Before you run the model, you can see if the applicant income is related to loan amount.


In [None]:
#import pandas as pd
#import seaborn as sns
#import matplotlib.pyplot as plt
#import numpy as np
from sklearn.preprocessing import PolynomialFeatures
from sklearn.linear_model import LinearRegression

# Assuming 'dat_rescale' DataFrame is already defined and contains 'ApplicantIncome', 'Loan_amount', and 'Loan_status' columns

# Scatter plot with polynomial regression line
plt.figure(figsize=(12, 6))
sns.scatterplot(data=dat_rescale, x='ApplicantIncome', y='Loan_amount', hue='Loan_status', size=0.5)

# Polynomial regression fit (degree=2)
sns.lmplot(data=dat_rescale, x='ApplicantIncome', y='Loan_amount', hue='Loan_status', order=2, ci=True, aspect=2)

# Customize the plot
plt.title('Relationship between Applicant Income and Loan Amount with Polynomial Regression')
plt.xlabel('Applicant Income')
plt.ylabel('Loan Amount')
plt.grid(True)
plt.legend(title='Loan Status')

# Show the plot
plt.show()



This code will provide you with a scatter plot to visually inspect the relationship between the applicant's income and the loan amount, with a polynomial regression line (degree 2) to account for non-linearity, colored by loan status. Adjust the DataFrame and column names as needed to fit your specific data context.

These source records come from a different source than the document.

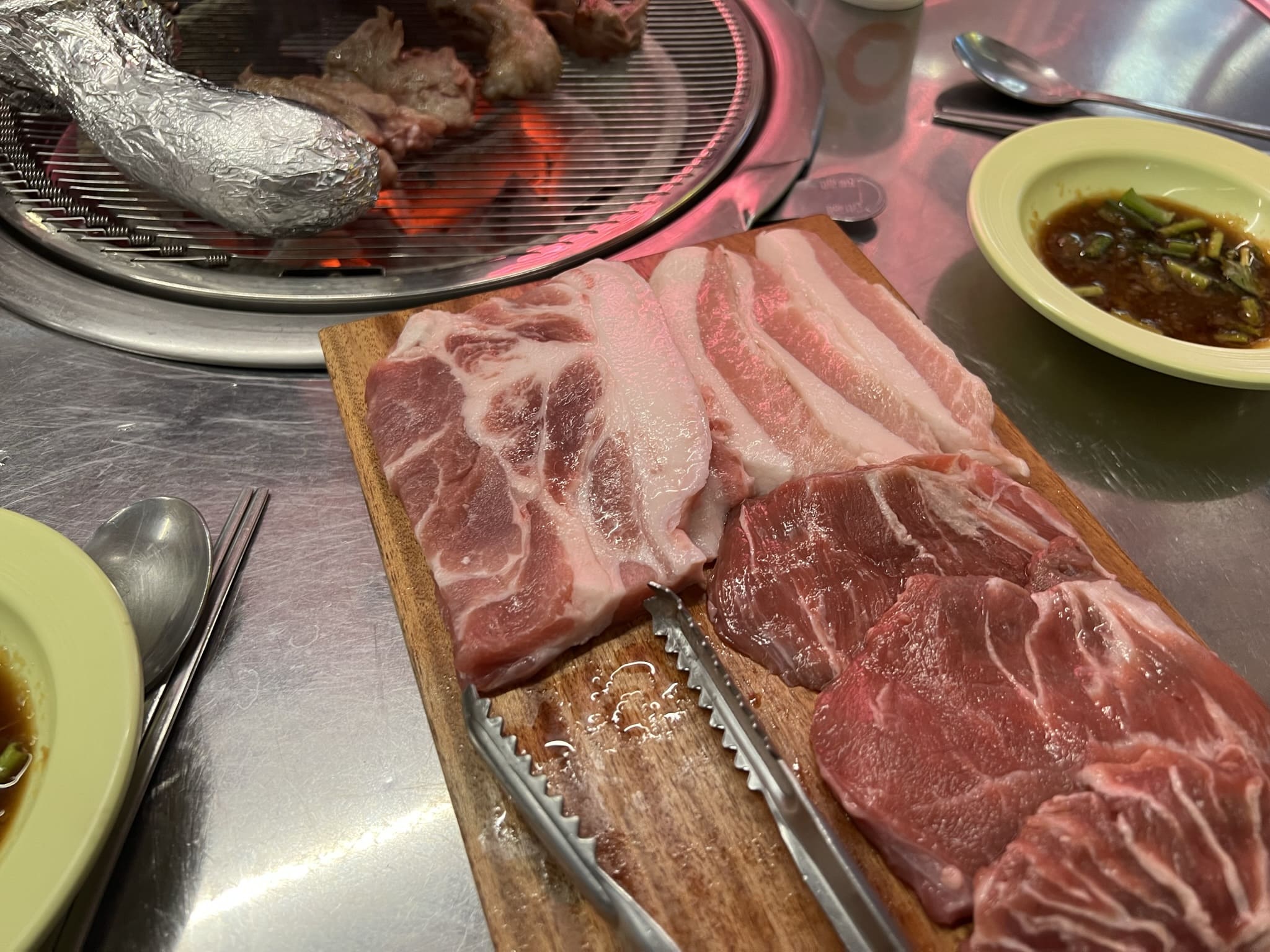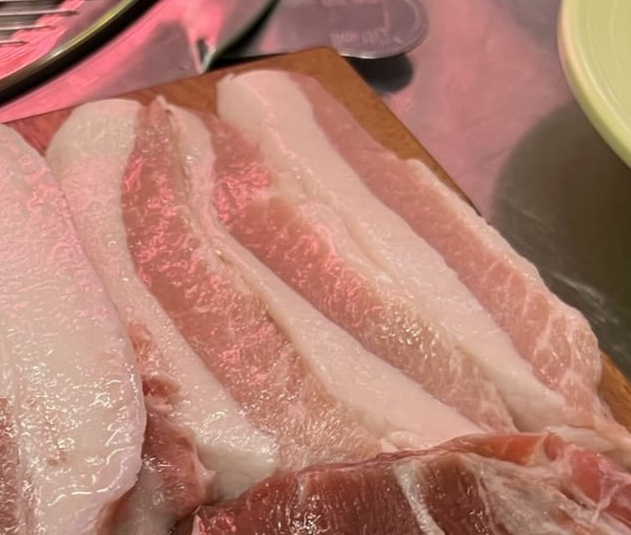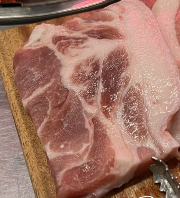 꽃살입니다. 돼지의 목살과 앞다리 쪽에 분포하는 살로, 소의 꽃등심처럼 적절하게 분포된 지방의 맛이 매력적인 부위입니다. 아쉽게도 생고기 상태를 못 찍었어요. 배가 너무 고파서 허겁지겁 먹는 준비 하느라...
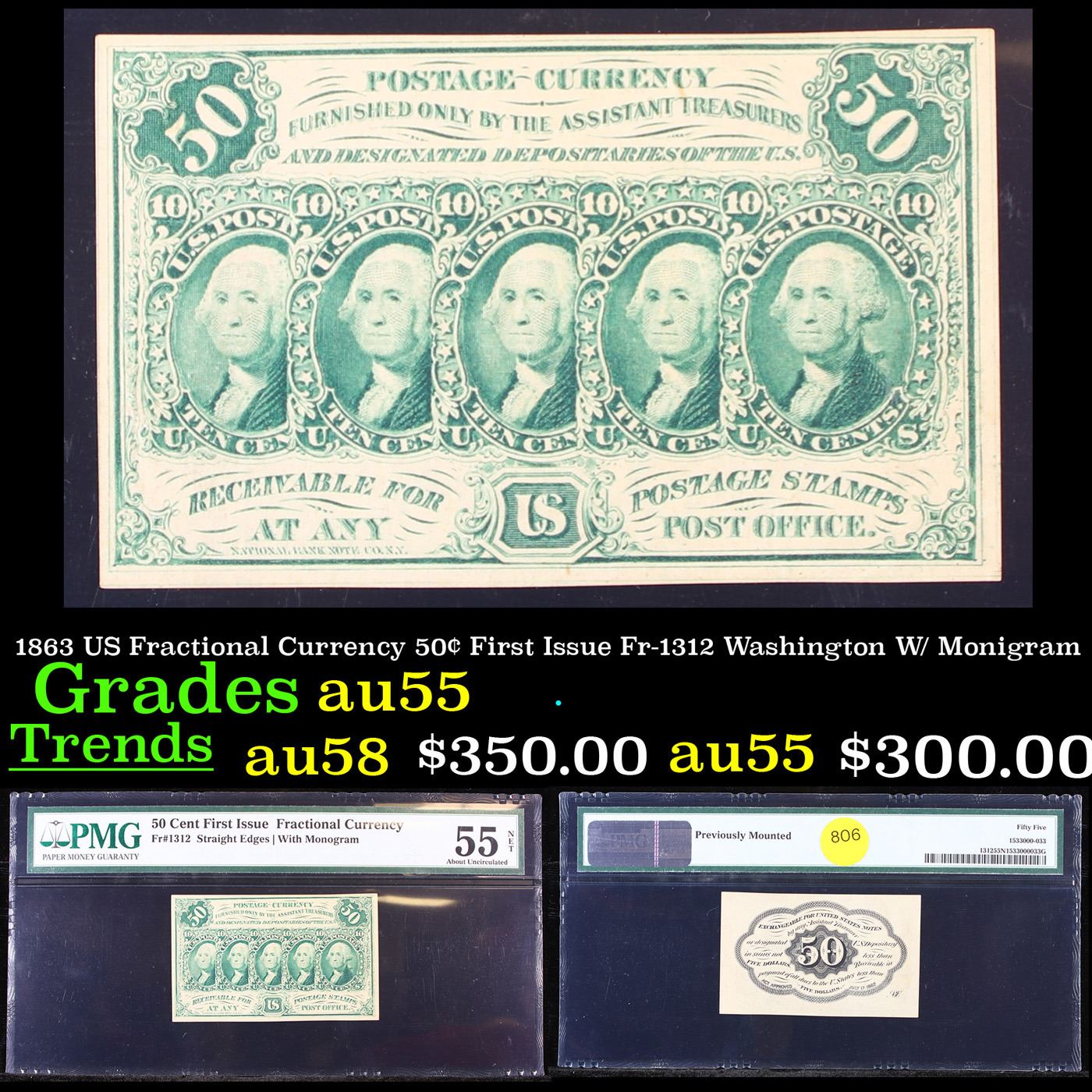 1863 US Fractional Currency 50¢ First Issue Fr-1312 Washington W/ Monigram Graded au55 By PMG
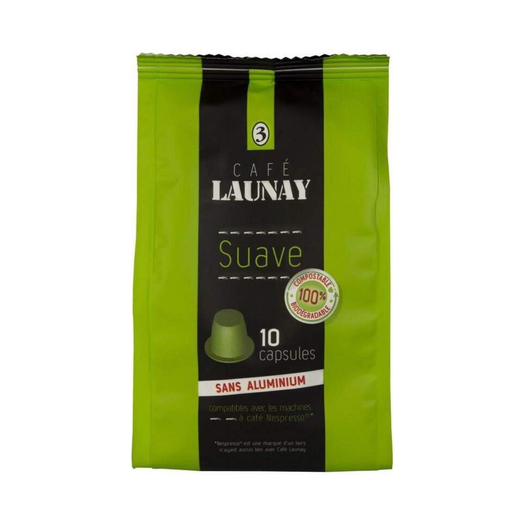 LAUNAY Café capsules Compatibles Nespresso Suave biodégradables (10 capsules)

In a nutshell, you can test interaction terms in the model to pick up the non-linearity effect between the applicant income and other features. It is important to detect under which condition the applicant income differs.

**Correlation**

The next check is to visualize the correlation between the variables. You convert the factor level type to numeric so that you can plot a heat map containing the coefficient of correlation computed with the Spearman method.


In [None]:
#import pandas as pd
#import seaborn as sns
#import matplotlib.pyplot as plt

# Assuming 'dat_rescale' DataFrame is already defined

# Convert factor level columns to numeric
dat_numeric = dat_rescale.copy()
for col in dat_numeric.select_dtypes(include=['category', 'object']).columns:
    dat_numeric[col] = dat_numeric[col].astype('category').cat.codes

# Compute the correlation matrix using the Spearman method
corr_matrix = dat_numeric.corr(method='spearman')

# Plot the heatmap
plt.figure(figsize=(12, 10))
sns.heatmap(corr_matrix, annot=True, cmap='coolwarm', center=0, vmin=-1, vmax=1,
            linewidths=.5, annot_kws={"size": 8}, cbar_kws={"shrink": .8})

# Customize the plot
plt.title('Spearman Correlation Heatmap')
plt.xticks(rotation=45, ha='right')
plt.yticks(rotation=0)

# Show the plot
plt.show()


**Class Discussion:**

What observations can you make based on the results above?



## 4.	Step 4) Train/test set

Any supervised machine learning task requires splitting the data between a train set and a test set.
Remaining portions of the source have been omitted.